5 years ago

Microsecond Dynamics in Ubiquitin Probed by Solid-State 15N NMR Spectroscopy R1ρ Relaxation Experiments under Fast MAS (60–110 kHz)

Microsecond Dynamics in Ubiquitin Probed by Solid-State 15N NMR Spectroscopy R1ρ Relaxation Experiments under Fast MAS (60–110 kHz)
Matthias Ernst, Riccardo Cadalbert, Alons Lends, Susanne Penzel, Beat H. Meier, Nils-Alexander Lakomek
15N R1ρ relaxation experiments in solid-state NMR spectroscopy are sensitive to timescales and amplitudes of internal protein motions in the hundreds of nano- to microsecond time window, which is difficult to probe by solution-state NMR spectroscopy.

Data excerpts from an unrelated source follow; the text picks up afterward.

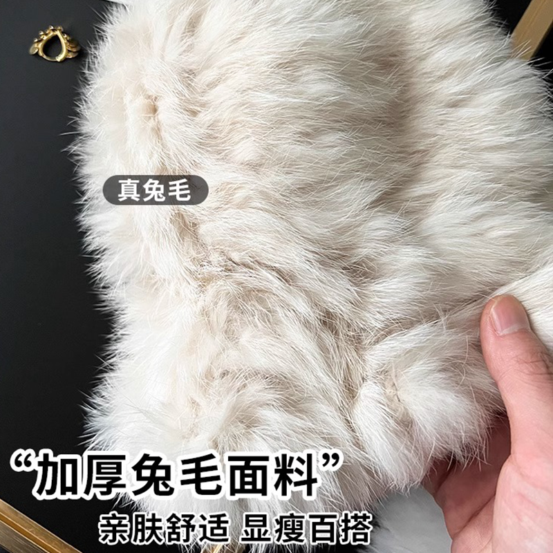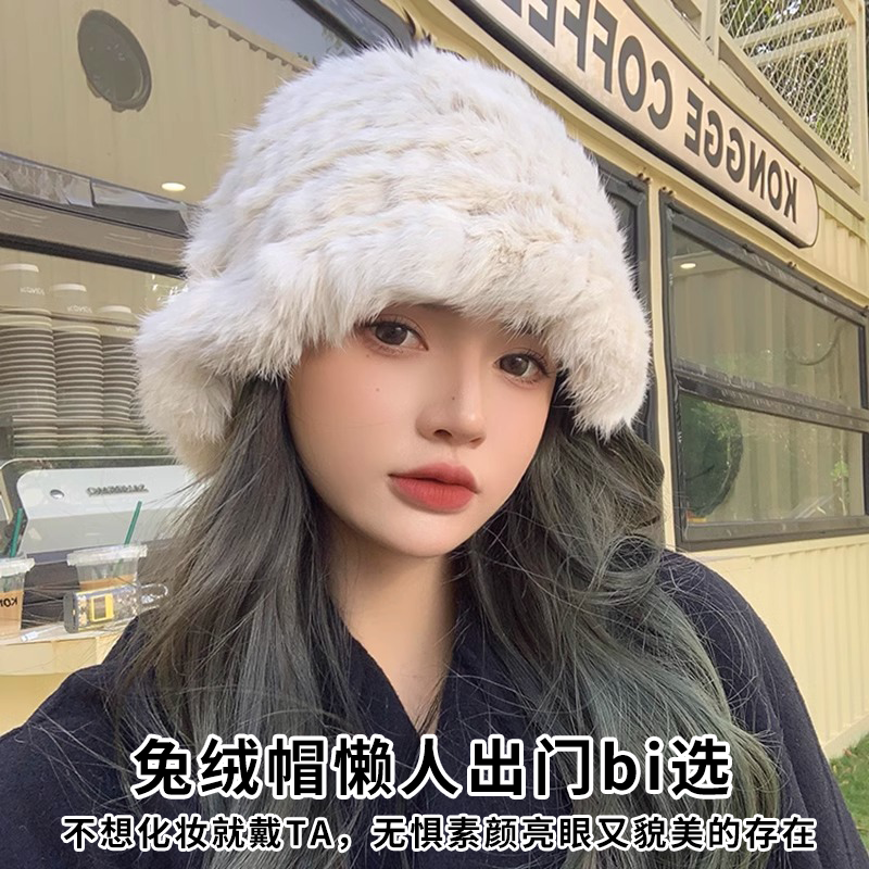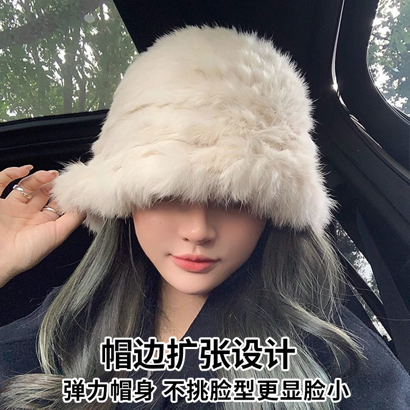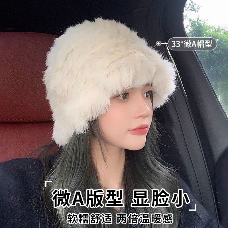 真兔毛云朵白色毛绒帽子女秋冬季保暖显脸小护耳毛线帽针织渔夫帽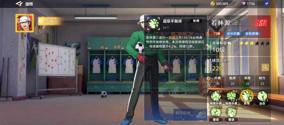 若林源三在游戏中是一位门将球员,这个定位的球员现在在红卡当中可是很难找的,所以他自然在门将能够带来的效果上面有不错的后防屏障效果,而且利用这个球员的技能大家也可以进行一些空中拦截的动作,在球员评分达到220的基础上面,大家就可以判断他的强度目前是处于比较受欢迎的程度,基础的属性效果当中抱球26、体质26,耐力23,补救26的分值都代表了可以用这些动作带来球员优势,而且在自身的六维图当中他的所有数值都超过20,目前所有属性当中基本没有低于20分以下的,所以他绝对是非常热门的一个门将选手。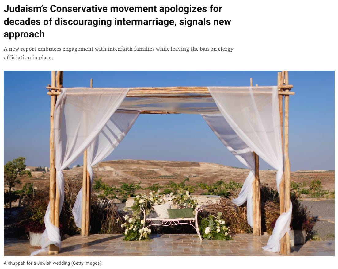 I’ll confess to having been stunned by the story. Not that the Conservative movement embracing intermarriage would be a surprise—some leading Conservative rabbis having been push in that direction for quite some time, and with the numbers of Conservative congregations and members both tanking precipitously, the movement is in a tough spot.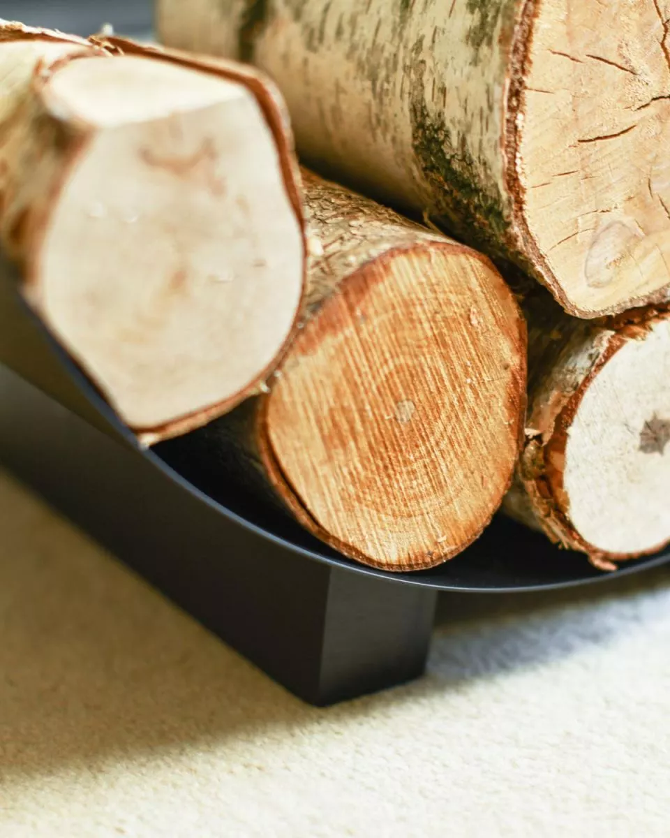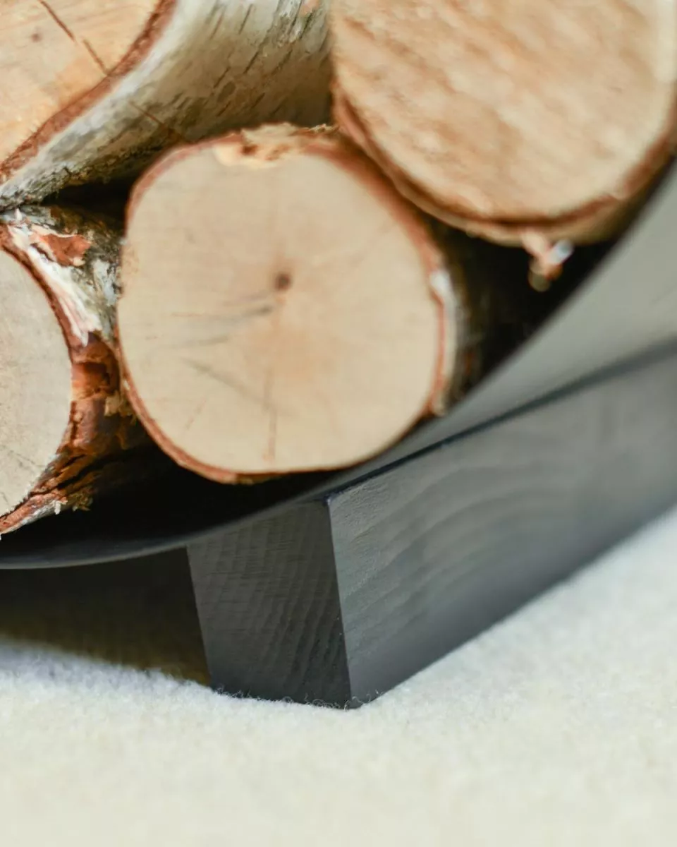 Porte-bûches minimaliste en forme de demi-lune – élégant & fonctionnel
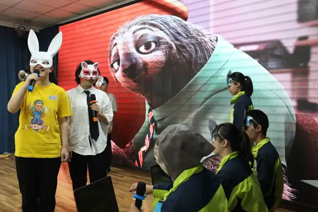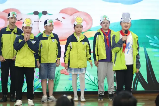 每一个班级都在努力,盲三年级的《课本剧演绎》,盲四年级的《狐假虎威》,盲五年级的《小老鼠历险记》,盲九年级的《疯狂动物城》,普高一的《英式英语VS美式英语》,参与度可是很高的哦,掌声可是连连不断的哦!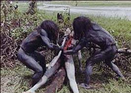 ![]() 食人族,就是吃人肉的人,确实存在。长久以来,语言中的故事和道听途说,都被证实是事实,证据来自于哥伦布第二次穿越太平洋的探险中,所有船员的亲眼所见。随船医生在家书中提到了一些阿拉瓦克俘虏,叙述了在一个小岛上发生的食人故事,这个小岛就是今天的瓜得鲁普。 当地居民中的一些妇女曾经做过岛民的俘虏,我们向他们询问,那些岛民是怎样的人,他们回答“加勒比人。”他们一听说我们憎恶这种人吃人的罪恶行为,感到非常高兴……他们告诉我们,加勒比人对待他们的残忍程度,使人难以置信;加勒比人吃掉他们的孩子,只抚养自己的女人所生的孩子。 凡是活着的男性俘虏都被带回去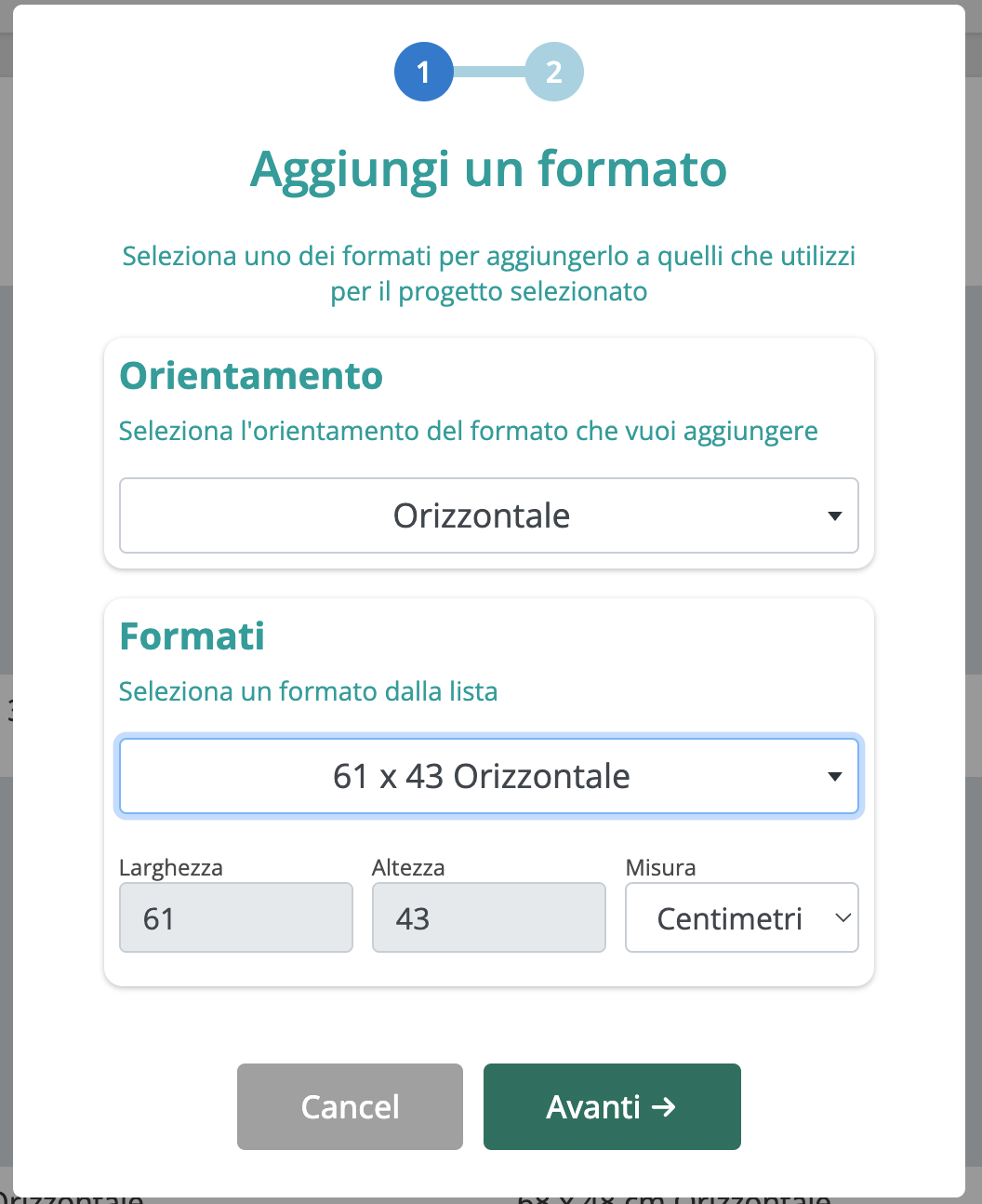 Clicca su Seleziona un formato e seleziona dalla lista il formato che vuoi utilizzare.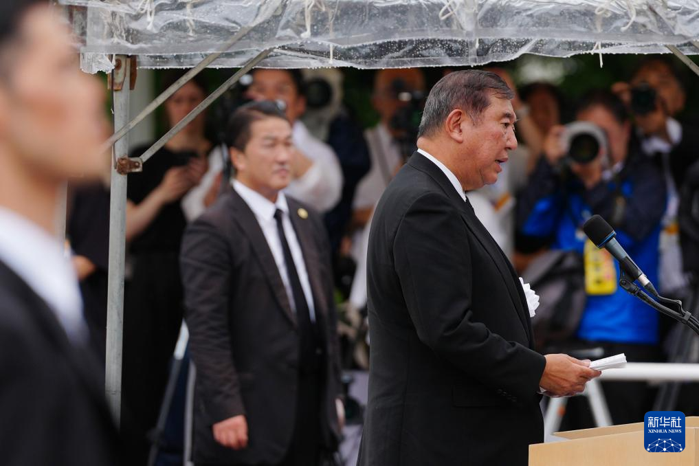 8月9日,日本首相石破茂在长崎举行的遭原子弹轰炸纪念仪式上发言。新华社记者 贾浩成 摄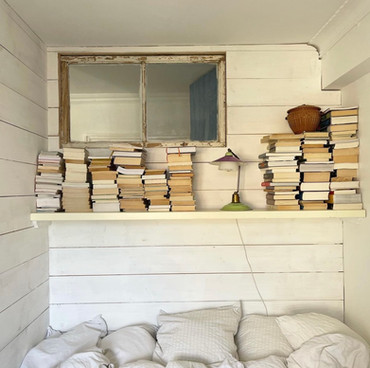When decorating, we like to use a variety of materials - you will see wood, steel, wool, linen etc. More recently, I have been adding more early tones to the interior. We have also created two interior glass doors with some building materials we've found, one of which has become the door to our bedroom, which gives us a lovely view into the sitting room.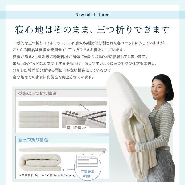 折りたたんで収納できる ポケットコイル入り 快眠 敷布団マットレス 薄型・軽量・高通気 シングル ショート丈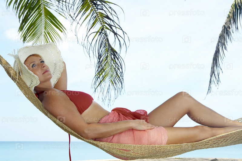 Женщина в гамаке на тропическом пляже
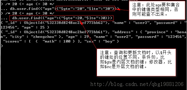 $lt,$lte,$gt,$gte,$ne和<,<=,>,>=,!=是一一对应的,它们可以组合起来以查找一个范围内的值。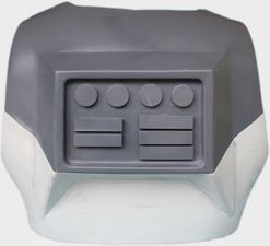 - Top part of the chest is painted with a curved matte med/dark gray section.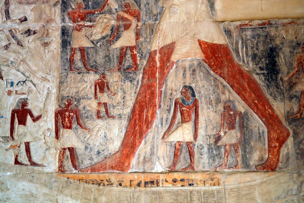 Photo taken on Aug. 3, 2021 shows a colored relief painting inside a high official tomb in Saqqara district, south of Cairo, Egypt. (Xinhua/Sui Xiankai)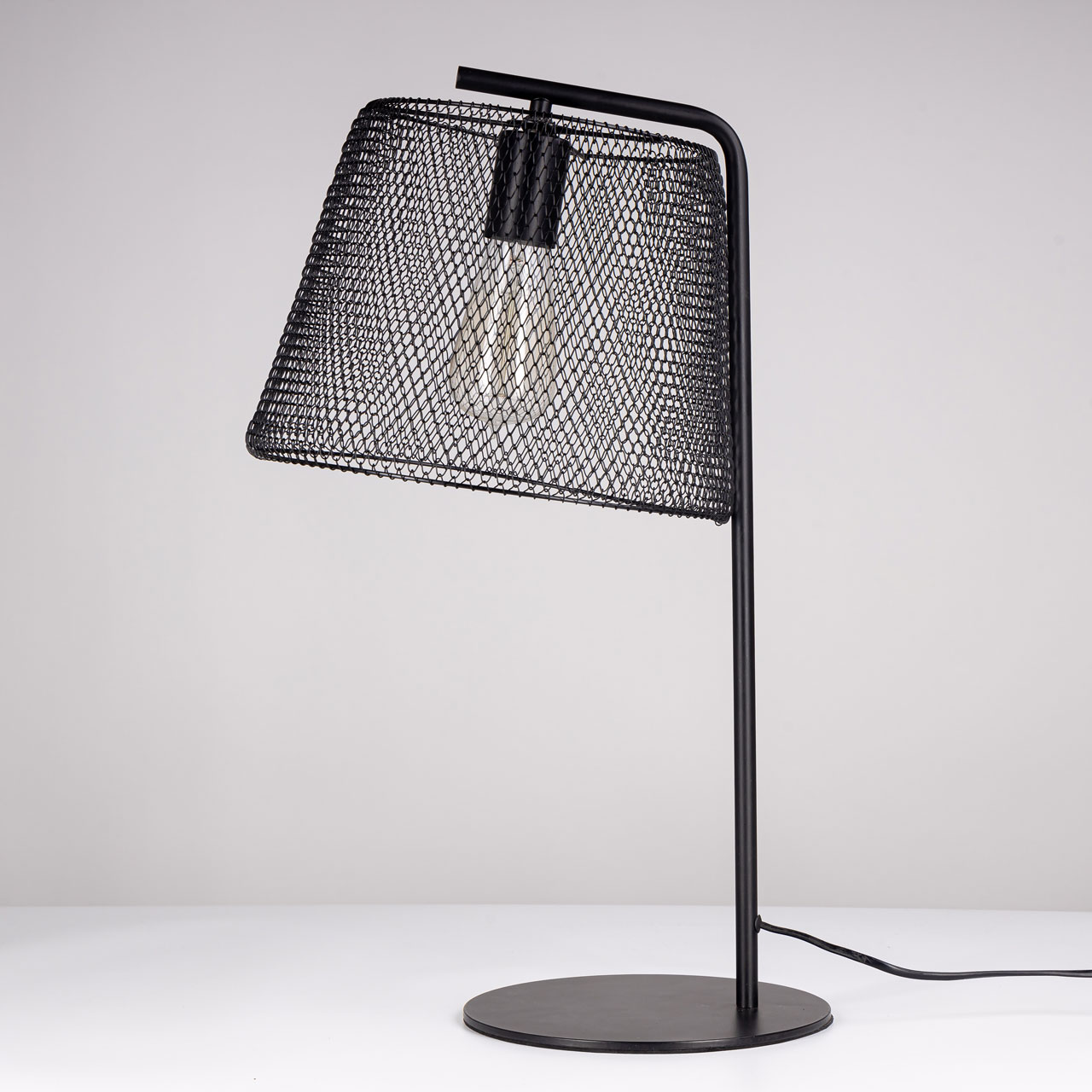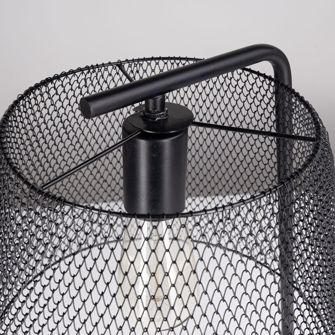 Металлическое основание и плафон в виде сетки окрашены по технологии электрофореза в черный матовый цвет.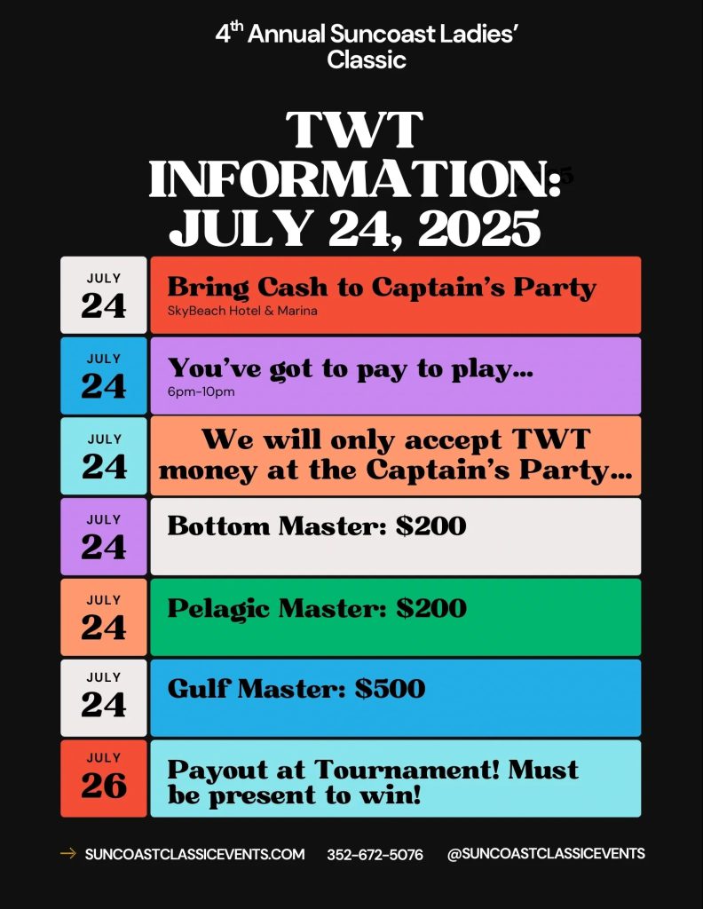 The single heaviest fish weighed in for either BOTTOM or PELAGIC categories at the 4th Annual Suncoast Ladies’ Classic will win…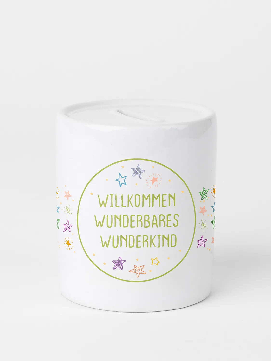 Auf der Suche nach einer originellen Art Glückwünsche zur Geburt zu überbringen? Mit dieser Keramikspardose gelingt das garantiert. Ein Sternchenmuster mit der Aufschrift „Willkommen wunderbares Wunderkind“ sorgt für Freude am Sparen und macht dieses Geschenk zu einem stilvollen Deko-Highlight.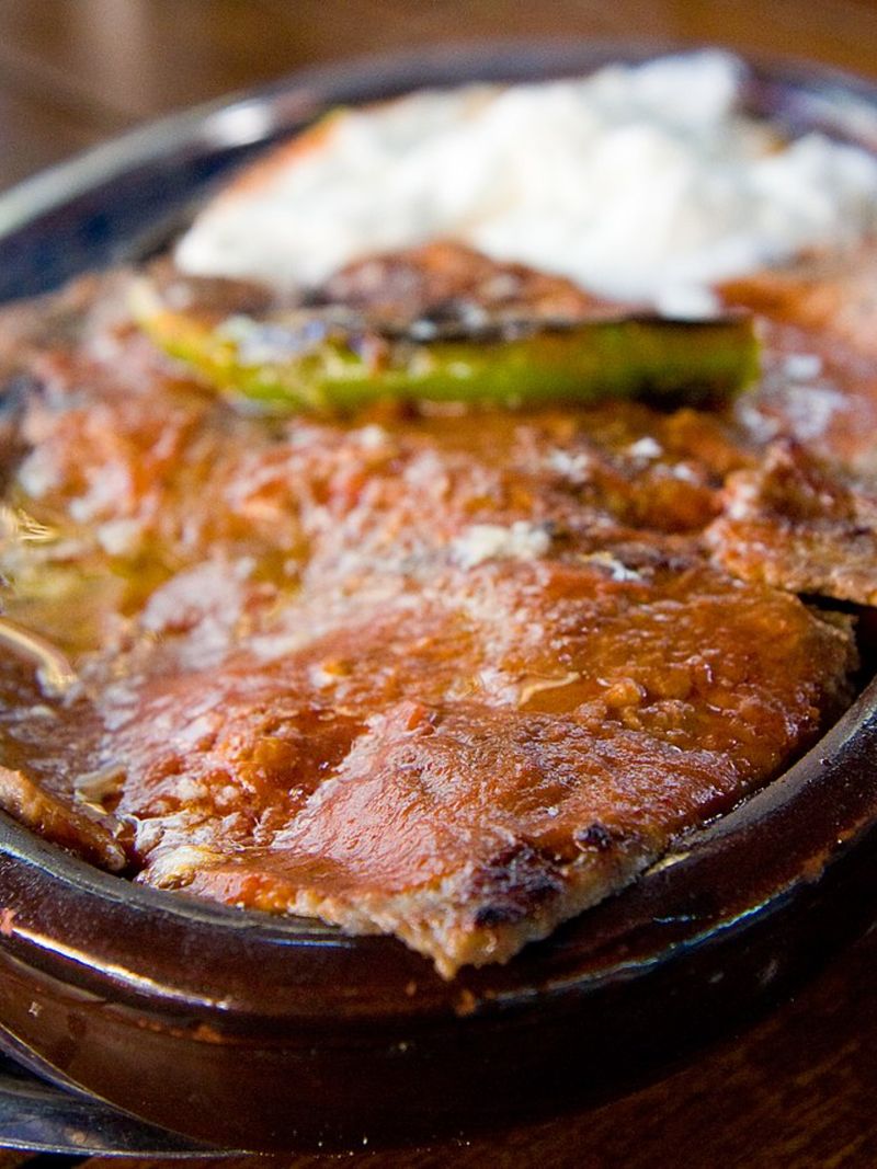 Технология его создания напоминает алхимию: нежнейшие ломтики ягнёнка, снятые с вертела, заливаются томатным соусом, щедро поливаются растопленным сливочным маслом и венчаются прохладной шапкой йогурта. Это сочетание горячего и холодного, острого и нежного производит эффект взрыва. На улице вам завернут это богатство в лепёшку, а в ресторане подадут на тарелке с овощами или картофелем, чтобы вы смогли насладиться каждым компонентом этого великолепия.

By using 15N R1ρ relaxation experiments, a simplified approach to detect low microsecond protein dynamics is described and residue-specific correlation times are determined from the ratio of 15N R1ρ rate constants at different magic angle spinning frequencies. Microcrystalline ubiquitin exhibits small-amplitude dynamics on a timescale of about 1 μs across the entire protein, and larger amplitude motions, also on the 1 μs timescale, for several sites, including the β1–β2 turn and the N terminus of the α helix. According to the analysis, the microsecond protein backbone dynamics are of lower amplitude than that concluded in previous solid-state NMR spectroscopy studies, but persist across the entire protein with a rather uniform timescale of 1 μs. Just relax! Solid-state 15N R1ρ NMR relaxation experiments under fast magic angle spinning (MAS; 60–110 kHz) are used to investigate the internal backbone dynamics in microcrystalline ubiquitin (see figure). Small-amplitude backbone dynamics across the entire protein are found on a timescale of about 1–2 μs and larger amplitude motion is found for several sites, including the first β1–β2 turn and N terminus of the α helix on the same 1–2 μs timescale.